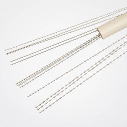Rust resistant stainless steel wires provide even tension for blocking lace shawls, scarfs etc. This kit contains 6 wires in length of 95 cm, 6 wires in length of 50 cm, 3 flexible wires in length of 95 cm, 20 T-pins and 1 measuring tape.
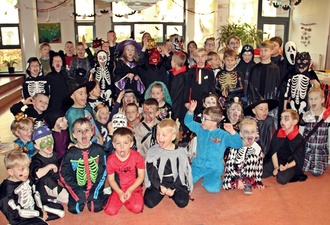 Die Herbstferien in unserem Hort standen ganz im Zeichen des gruseligen Themas Halloween. Ziel war es, die große Halloweenparty miteinander zu planen und vorzubereiten, damit sie ein absoluter Höhepunkt nach den Vorstellungen der Hort- und Vorschulkids wird. So dekorierten sie ihre Räume mit selbst gebastelten Gruselelementen, planten das Mittagessen, kauften dafür ein und kochten gemeinsam. Süßes und Deftiges für zwischendurch durfte von zu Hause mitgebracht werden. Die Halloweenparty war laut und schräg mit gruseligen Gestalten, Disco, schaurigen Spielen, Polonaise durch den Kindergarten … ein unvergessliches Erlebnis im Ferienhort!
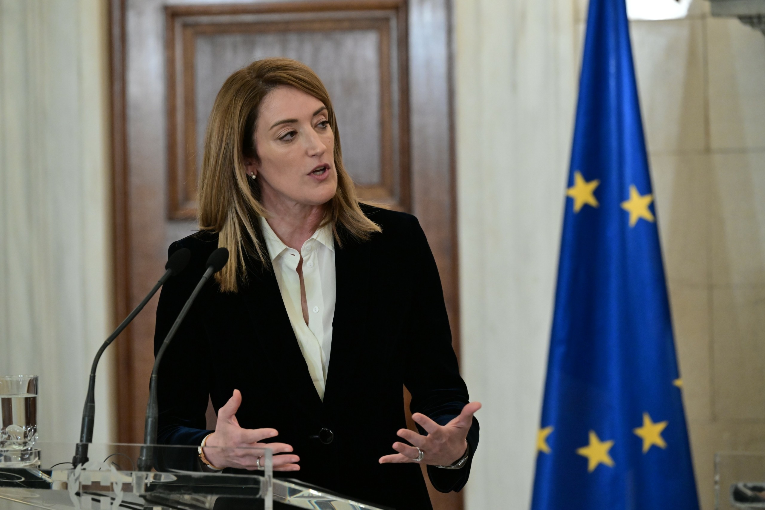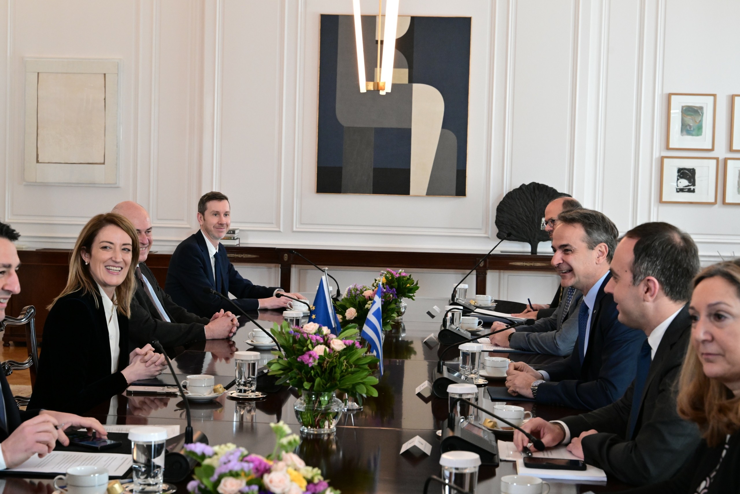 Κοινές δηλώσεις με την πρόεδρο του Ευρωπαϊκού Κοινοβουλίου Ρομπέρτα Μέτσολα, στο Μέγαρο Μαξίμου πραγματοποίησε νωρίτερα ο πρωθυπουργός Κυριάκος Μητσοτάκης.
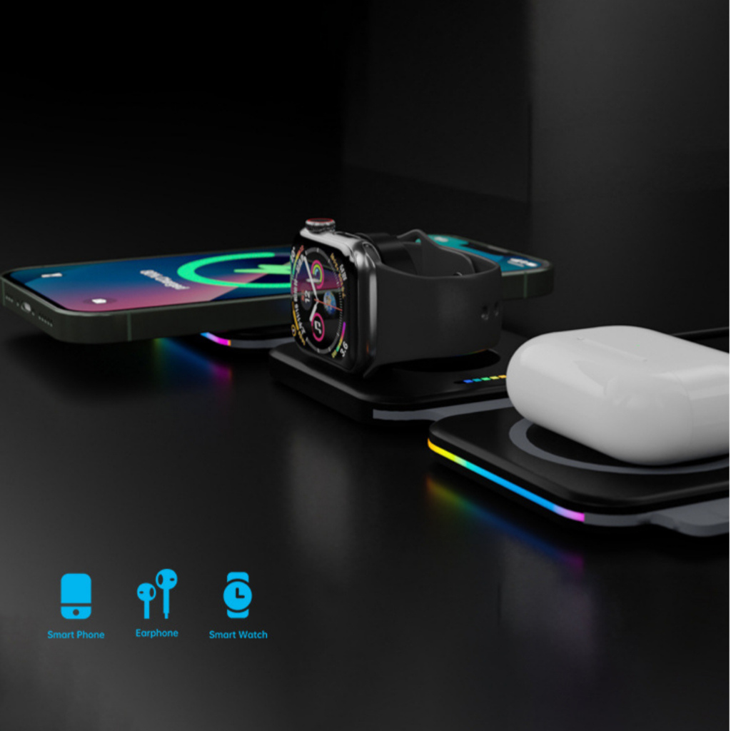 Suporte de Carregamento Sem Fio 3 em 1 - Dobrável e Rápido para Celulares J9

● **What is required**
None of the pictures belong in the copy; transcribe the rest of the data exactly.

● **Response to the exercise**
Rust resistant stainless steel wires provide even tension for blocking lace shawls, scarfs etc. This kit contains 6 wires in length of 95 cm, 6 wires in length of 50 cm, 3 flexible wires in length of 95 cm, 20 T-pins and 1 measuring tape.
 Die Herbstferien in unserem Hort standen ganz im Zeichen des gruseligen Themas Halloween. Ziel war es, die große Halloweenparty miteinander zu planen und vorzubereiten, damit sie ein absoluter Höhepunkt nach den Vorstellungen der Hort- und Vorschulkids wird. So dekorierten sie ihre Räume mit selbst gebastelten Gruselelementen, planten das Mittagessen, kauften dafür ein und kochten gemeinsam. Süßes und Deftiges für zwischendurch durfte von zu Hause mitgebracht werden. Die Halloweenparty war laut und schräg mit gruseligen Gestalten, Disco, schaurigen Spielen, Polonaise durch den Kindergarten … ein unvergessliches Erlebnis im Ferienhort!
 Κοινές δηλώσεις με την πρόεδρο του Ευρωπαϊκού Κοινοβουλίου Ρομπέρτα Μέτσολα, στο Μέγαρο Μαξίμου πραγματοποίησε νωρίτερα ο πρωθυπουργός Κυριάκος Μητσοτάκης.
 Suporte de Carregamento Sem Fio 3 em 1 - Dobrável e Rápido para Celulares J9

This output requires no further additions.